- Written by: Samina Ejaz
- Directed by: Syed Ahmed Kamran
- Starring: Hira Mani; Junaid Khan; Zarnish Khan;
- Opening theme: Mohabbat Na Kariyo by Hadiqa Kiani
- Country of origin: Pakistan
- Original language: Urdu
- No. of episodes: 27

Production
- Producer: Hassan Zia
- Production locations: Karachi, Sindh; The Netherlands;
- Camera setup: Multi-camera setup
- Running time: approx. 40 minutes
- Production company: Mastermind Productions

Original release
- Network: Geo Entertainment
- Release: 11 October 2019 – 20 March 2020

= Mohabbat Na Kariyo =

Mohabbat Na Kariyo ( Don't ever fall in Love) earlier titled Makafaat is a 2019 Pakistani romantic drama television series produced by master mind productions . It features Hira Mani, Zarnish Khan and Junaid Khan in their second on-screen appearance together after Sun Yaara.

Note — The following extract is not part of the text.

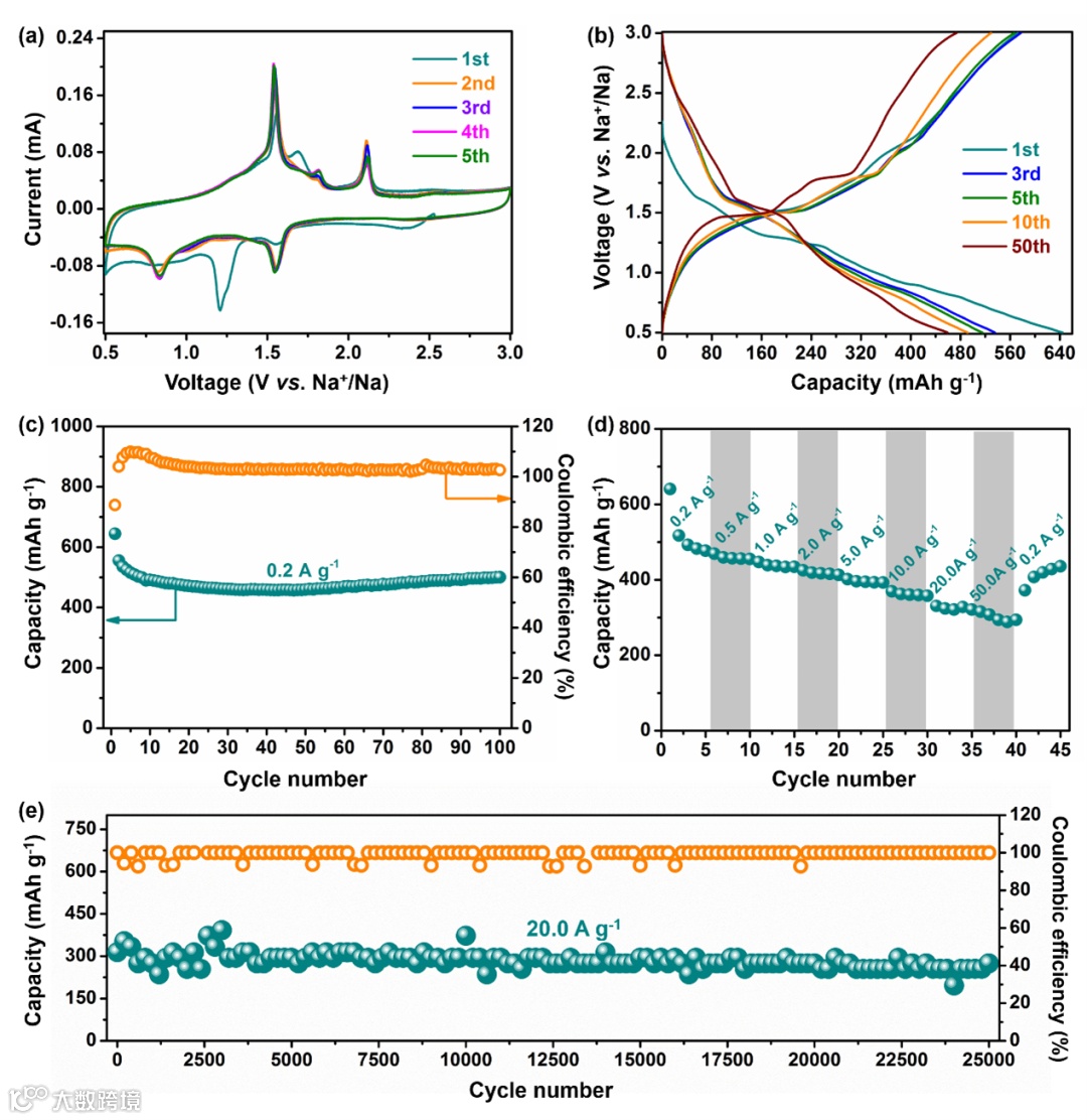 如图2所示,作为SIB负极材料,Cu3VS4可以实现274 mAh g-1(20 A g-1下25000次循环)的循环稳定性和优异的速率性能(50 A g-1时为307 mAh g-1)。

It also has Atiqa Odho, Ali Ansari and Mariyam Nafees in supporting roles. It was first aired on 11 October 2019 on Geo Entertainment.

== Cast ==
- Junaid Khan as Asad
- Hira Mani as Zara
- Zarnish Khan as Rabia
- Atiqa Odho as Tasneem, Asad's mother
- Ali Ansari as Asad's cousin
- Mariyam Nafees as Nida, Asad's sister
- salman Faisal as Nida's husband
- Farah Nadir as Nida's mother-in-law
- Mehmood Akhtar as Zara's father
- Shaheen Khan as Zara's mother

==Production==
The series was earlier titled Makafaat but makers changed it to Mohabbat Na Kariyo to avoid any confusion with the series Makafaat.